Лодки отчалили. Две женщины и раненый подросток остались на песчаной косе у острова Крит. Анна Павловна с великим усилием подняла подростка на руки и понесла его к поселку. Марфа Петровна заходила то с одной стороны, то с другой, помогая невестке нести раненого. Анна Павловна знала, что промедление грозит юноше смертью, и она, изнемогая, все шла и шла.
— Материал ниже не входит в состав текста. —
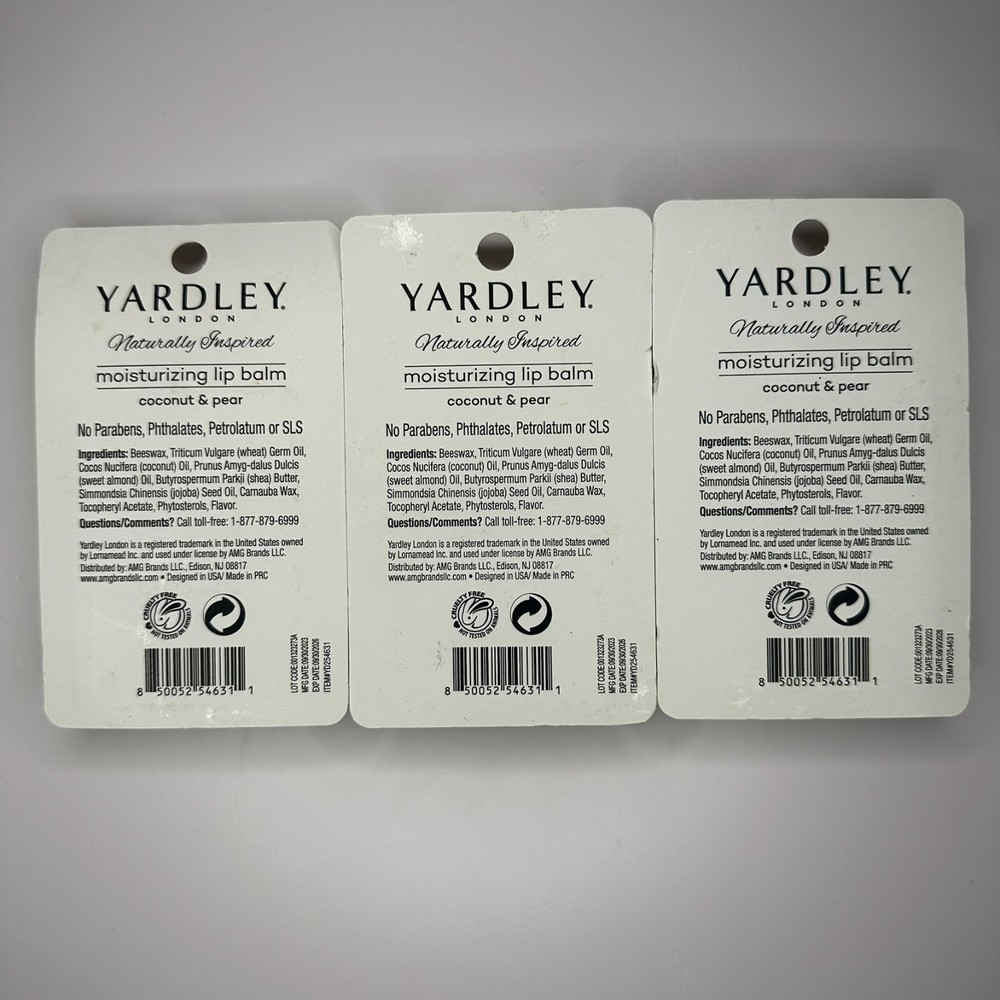 Yardley London 3 Pack Lot Moisturizing Lip Balm Coconut & Pear Paraben Free Please see the pictures for the ingredients of the item No Parabens, Phthalates, Petrolatum or SLS Two lip balms in each pack for a total of 6 LOT CODE:001323273A MFG DATE:09/30/2023 EXP DATE:09/30/2026 ITEM#YD254631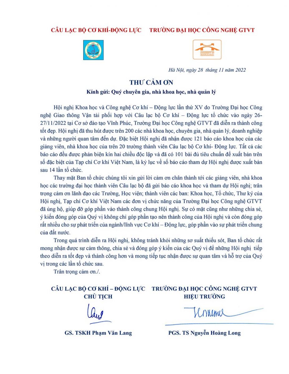 4. Thư cảm ơn của Ban tổ chức Hội nghị khoa học và công nghệ Cơ khí - Động lực lần thứ XV
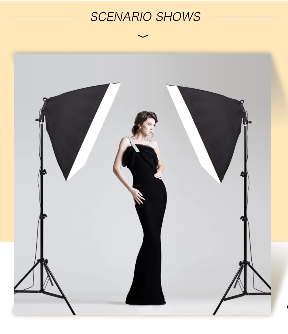 50CMx70CM softbox:White foldable soft cloth,High quality reflective particle.Safe and non-toxic polyester fiber,4 flexible connecting rods.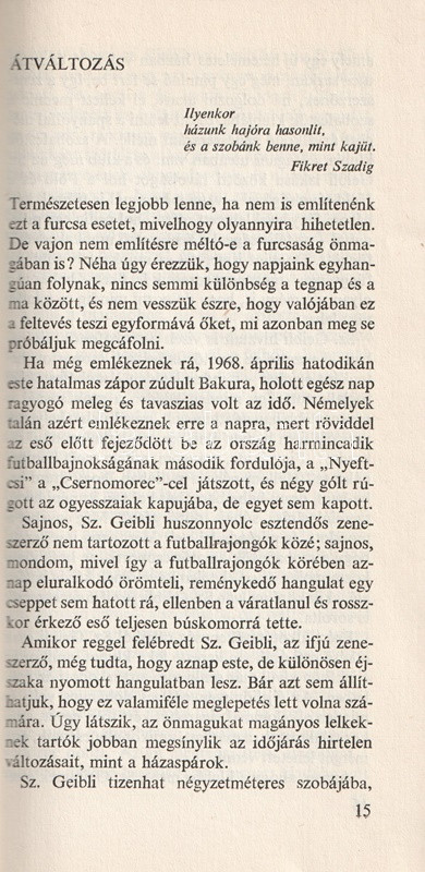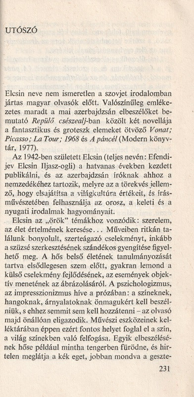 Elcsin Afandijev (1943-2025) azeri író, politikus, a szovjet éra után 1993-tól évtizedekig Azerbajdzsán miniszterelnök-helyettese. Kötetünkben közölt kisregényei és elbeszélései döntően Bakuban, az azeri SZSZK fővárosában játszódnak.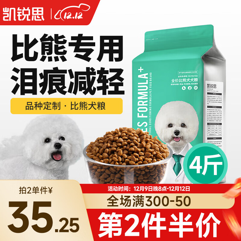 凯锐思比熊狗粮幼犬成犬专用白色美毛改善泪痕比熊犬专用粮奶糕 【经典款4斤】拍2单件丨36.75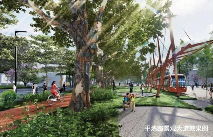 平炼路景观大道城北中央景观大道核心段,含观光有轨电车道、网红玻璃栈道、法国梧桐树阵列等景观内容,将被打造为杭州极具观赏性的景观大道;

Войдя в поселочек, ей хотелось упасть и, не шевеля ни одним мускулом, не произнося ни единого слова, отдыхать и отдыхать. Уложив подростка на свое пальто, она, пошатываясь, побрела в поселок.
— Надо найти людей. Они помогут нам доставить его в госпиталь, — сказала она Марфе Петровне.
Атаки немецкой армии длились десять суток, двести сорок часов. Полки армии Чуйкова поредели. Многие бойцы и командиры вышли из этого боя с седыми висками. Город был еще окутан дымом, стрельба слышалась отовсюду, и все же генералы чувствовали, что бой стихает, вражеский натиск надорвался. Командарм позвонил генералу Медникову.
— Поздравляю, Петр Ильич, и выражаю вам мою самую искреннюю признательность. Да, да. Не скромничайте. Что? Бой? Да, бой еще идет, но как? С хрипом, одышкой.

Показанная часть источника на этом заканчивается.